Task goal: Wherever a picture appears in the listing below, leave it out and reproduce the rest exactly.

================================

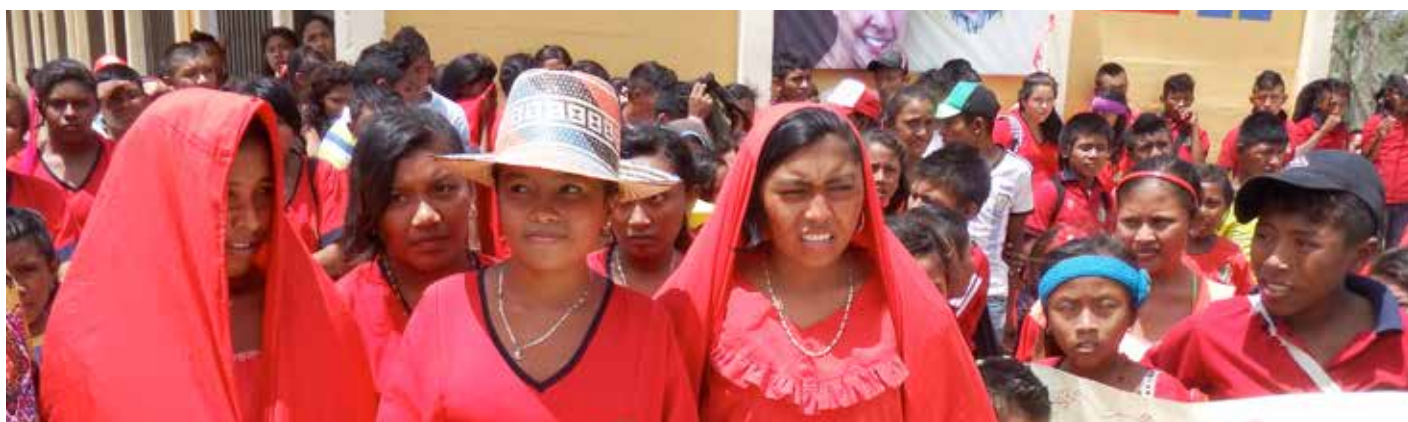
La Guijiras invånare möter upp oss utanför skolorna.
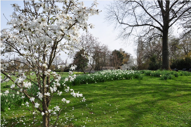
Der Deutzer Rheinpark im Frühjahr (2013).

Fachsicht(en): Kulturlandschaftspflege , Denkmalpflege , Landeskunde , Architekturgeschichte
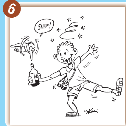
Je n'ouvre pas les bouteilles ou bidons que je découvre, je ne bois ni ne respire leur contenu.
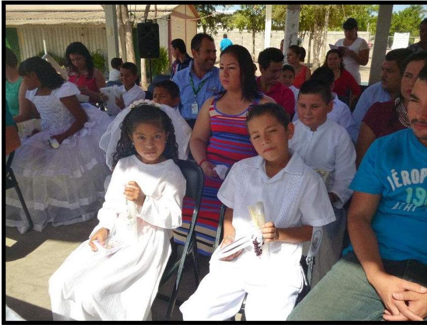
Primeras comuniones de los hijos de los colaboradores.
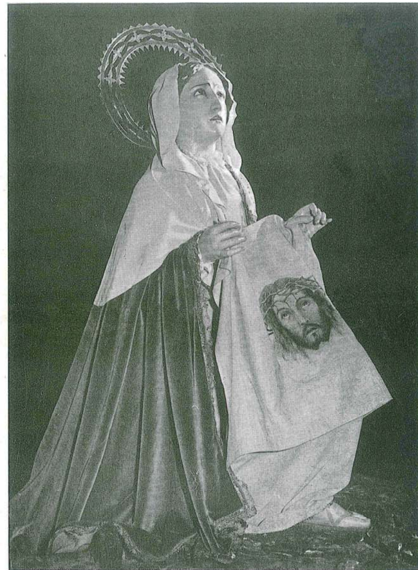
«La Feronica» detalle del paso «Jesús Nazareno»

Dep. Leg. T. 272 - 1963 - Suc. de Torres y Virgili
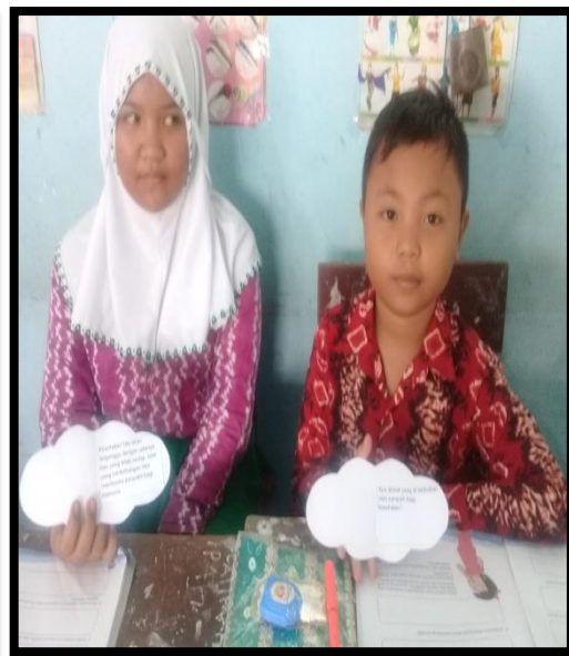
Peserta Didik Duduk bersama Pasangannya dan Mendiskusikan Kembali Isi Kartu

================================

Solution to this problem:
La Guijiras invånare möter upp oss utanför skolorna.
Der Deutzer Rheinpark im Frühjahr (2013).

Fachsicht(en): Kulturlandschaftspflege , Denkmalpflege , Landeskunde , Architekturgeschichte
Je n'ouvre pas les bouteilles ou bidons que je découvre, je ne bois ni ne respire leur contenu.
Primeras comuniones de los hijos de los colaboradores.
«La Feronica» detalle del paso «Jesús Nazareno»

Dep. Leg. T. 272 - 1963 - Suc. de Torres y Virgili
Peserta Didik Duduk bersama Pasangannya dan Mendiskusikan Kembali Isi Kartu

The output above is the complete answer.